= TASK DATA =
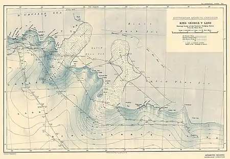 | Берег Георга V, Земля Королевы Мэри, Земля Уилкса, море Дейвиса, море Дюрвиля | |
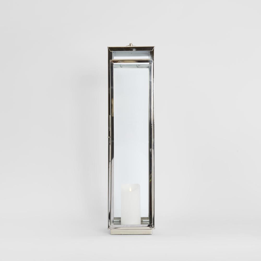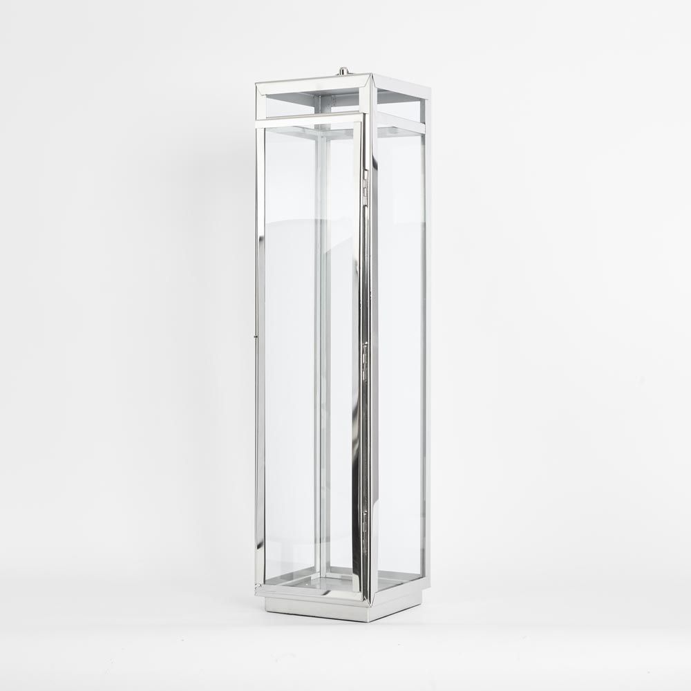 Stainless steel in polished nickel finish, suitable for indoor/outoor use, store indoors during inclement weather, wipe clean with soft, damp cloth
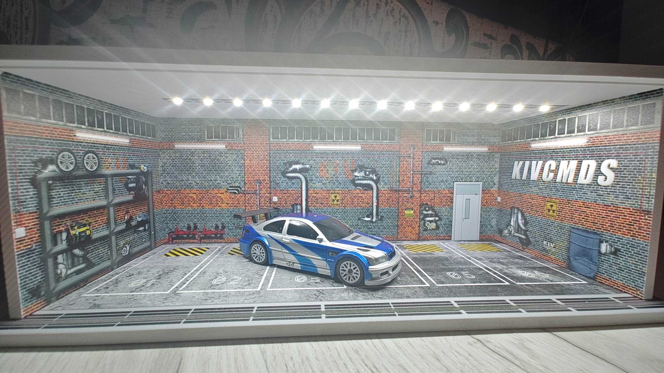 Гаражна сцена для колекціонерів для автомобілів RC або інших моделей автомобілів. Ідеально підходить як подарунок для дитини чи дорослого, щоб добре припаркувати моделі автомобіля. Гараж міцно виготовлений і найголовніше має цікаву графіку та світлодіодне освітлення білого кольору для з'єднання з USB -кабелем. Він може бути підключений до електричної розетки, телевізора, консолі тощо. Розміри гаража: 30 на 11 см завширшки та глибина 11 см. Хороший упакований ідеально підходить для подарунка. Також входить до заміни переднього скла з оргскла, щоб автомобілі моделі не пили. Автомобіль за шкалою 1:43 від фотографії не входить у пропозицію СКВ лише для ілюстративного
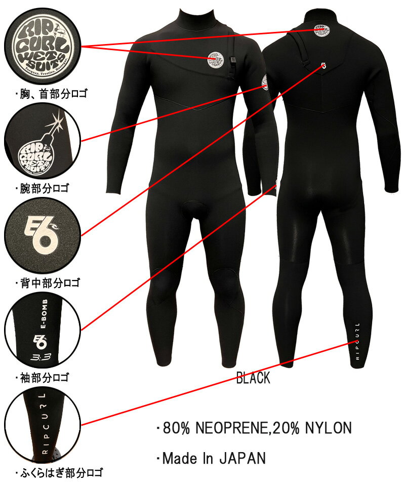 2022 RIPCURL E6 E BOMB W2SE6ZFU / リップカール イーボム ジップフリー 3x3 ウェットスーツ サーフィン フルスーツ 春秋用 海外モデル
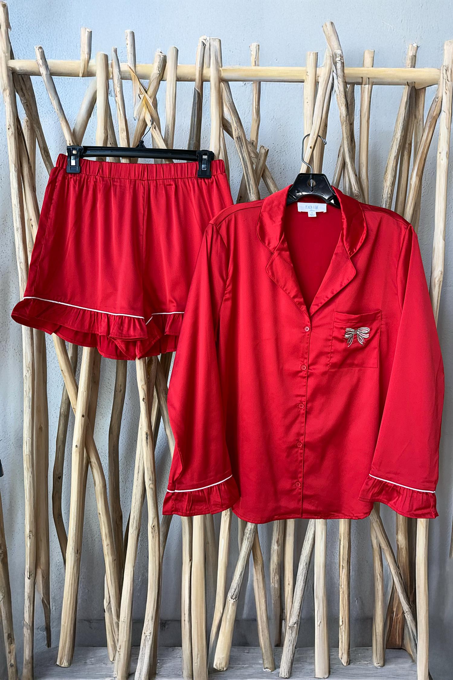 A set so cute you'll never want to take it off. Designed to look good while lounging, this little number is the perfect outfit for hanging at home in style. Experience the perfect blend of festive charm and silky comfort. These smooth satin pajamas are designed for both celebration and relaxation, featuring a soft finish that feels luxurious against the skin. With a relaxed fit ideal for lounging, gifting, or cozy nights in, this set is a seasonal essential that brings a touch of holiday spirit to your nighttime routine.
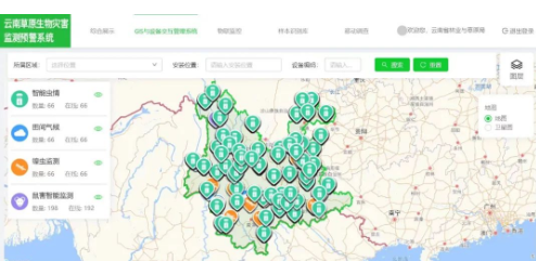 新建的云南草原有害生物災害省級監測預警中心、區域監測預警中心和縣級測報點三級聯動系統,可有效提高云南省草原生物災害監測范圍和監測能力,實現了云南省主要草原生物災害監測的規范化、數字化、智能化、可視化,提高了草原生物災害預測預報的準確性,以及應對重大草原生物災害應急反應能力,并可為相關行業與部門的有效防治決策與管理提供可靠的數據支撐。

= TRY IT =
Write out all of the data above exactly, without any of its pictures.

= ANSWER TO THIS PROBLEM =
 | Берег Георга V, Земля Королевы Мэри, Земля Уилкса, море Дейвиса, море Дюрвиля | |
 Stainless steel in polished nickel finish, suitable for indoor/outoor use, store indoors during inclement weather, wipe clean with soft, damp cloth
 Гаражна сцена для колекціонерів для автомобілів RC або інших моделей автомобілів. Ідеально підходить як подарунок для дитини чи дорослого, щоб добре припаркувати моделі автомобіля. Гараж міцно виготовлений і найголовніше має цікаву графіку та світлодіодне освітлення білого кольору для з'єднання з USB -кабелем. Він може бути підключений до електричної розетки, телевізора, консолі тощо. Розміри гаража: 30 на 11 см завширшки та глибина 11 см. Хороший упакований ідеально підходить для подарунка. Також входить до заміни переднього скла з оргскла, щоб автомобілі моделі не пили. Автомобіль за шкалою 1:43 від фотографії не входить у пропозицію СКВ лише для ілюстративного
 2022 RIPCURL E6 E BOMB W2SE6ZFU / リップカール イーボム ジップフリー 3x3 ウェットスーツ サーフィン フルスーツ 春秋用 海外モデル
 A set so cute you'll never want to take it off. Designed to look good while lounging, this little number is the perfect outfit for hanging at home in style. Experience the perfect blend of festive charm and silky comfort. These smooth satin pajamas are designed for both celebration and relaxation, featuring a soft finish that feels luxurious against the skin. With a relaxed fit ideal for lounging, gifting, or cozy nights in, this set is a seasonal essential that brings a touch of holiday spirit to your nighttime routine.
 新建的云南草原有害生物災害省級監測預警中心、區域監測預警中心和縣級測報點三級聯動系統,可有效提高云南省草原生物災害監測范圍和監測能力,實現了云南省主要草原生物災害監測的規范化、數字化、智能化、可視化,提高了草原生物災害預測預報的準確性,以及應對重大草原生物災害應急反應能力,并可為相關行業與部門的有效防治決策與管理提供可靠的數據支撐。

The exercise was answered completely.